Production Possibility Curves (Edexcel IGCSE Economics)

Revision Note

Lorraine

Written by: Lorraine

Reviewed by: Steve Vorster

An Introduction to the PPC

  • The Production Possibility Curve (PPC) is an economic model that considers the maximum possible production (output) that a country can generate if it uses all of its factors of production to produce only two goods/services

  • Any two goods/services can be used to demonstrate this model

  • Many PPC diagrams show capital goods and consumer goods on the axes

    • Capital goods are assets that help a firm or nation to produce output (manufacturing). For example, a robotic arm in a car manufacturing company is a capital good

    • Consumer goods are end products and have no future productive use. For example, a watch

Diagram: Production Possibility Curve (PPC) 

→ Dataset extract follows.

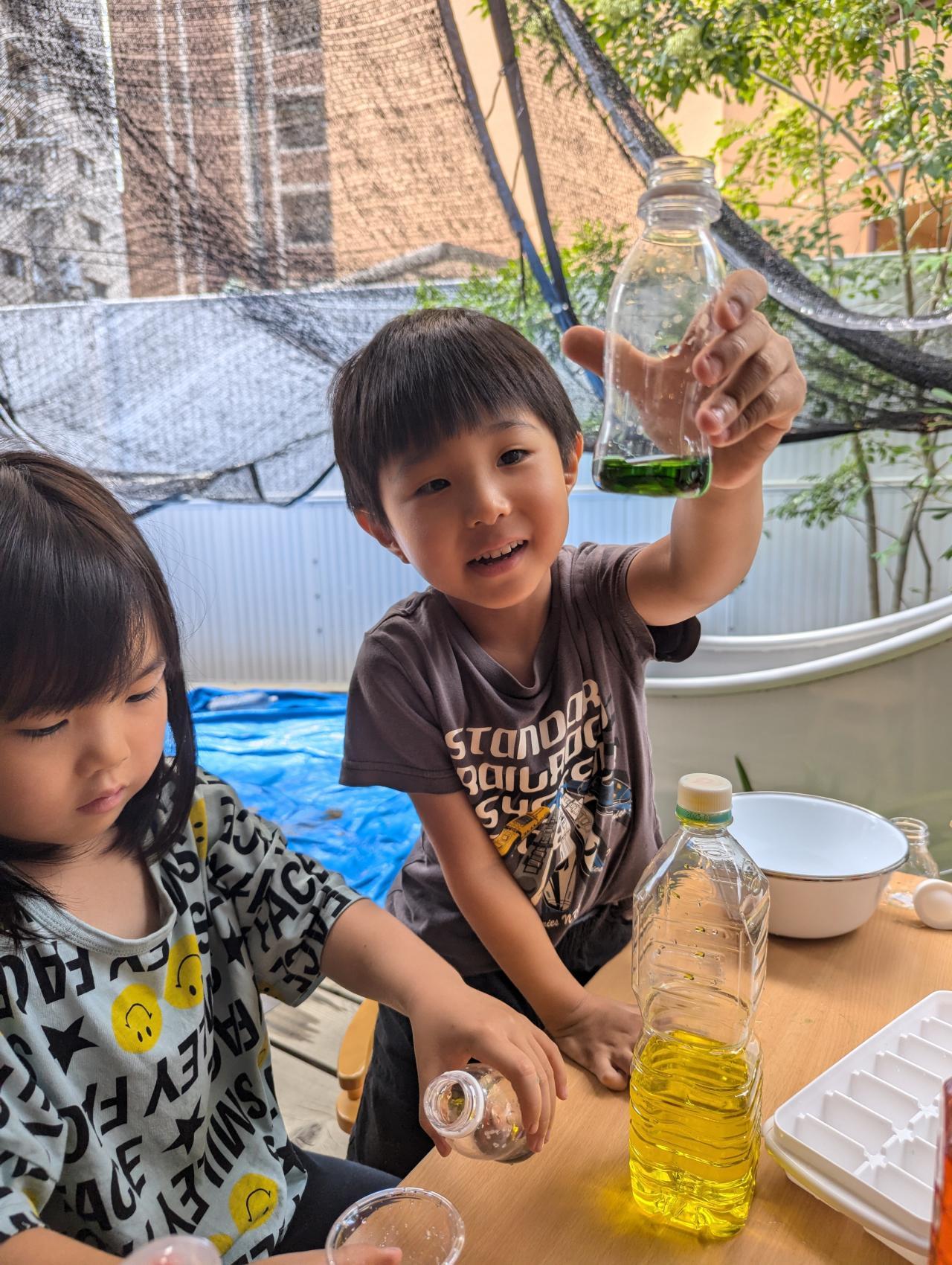 ☆色をつけたベビーオイルと色水を混ぜると・・・・

edexcel_igcse_A PPC for an economy demonstrating the use of its resources to produce capital or consumer goods

A PPC for an economy demonstrating the use of its resources to produce capital or consumer goods 

Diagram analysis

  • The use of PPC to depict the maximum productive potential of an economy

    • The curve demonstrates the possible combinations of the maximum output this economy can produce using all of its resources (factors of production)

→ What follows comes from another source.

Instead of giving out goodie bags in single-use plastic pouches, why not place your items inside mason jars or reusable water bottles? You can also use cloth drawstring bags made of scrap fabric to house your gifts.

    • At A, its resources are used to produce only consumer goods (300)

    • At B, its resources are used to produce only capital goods (200)

    • Points C and D both represent full (efficient) use of an economy's resources, as these points fall on the curve. At C, 150 capital goods and 120 consumer goods are produced

  • The use of PPC to depict opportunity cost

    • To produce one more unit of capital goods, this economy must give up production of some units of consumer goods (limited resources)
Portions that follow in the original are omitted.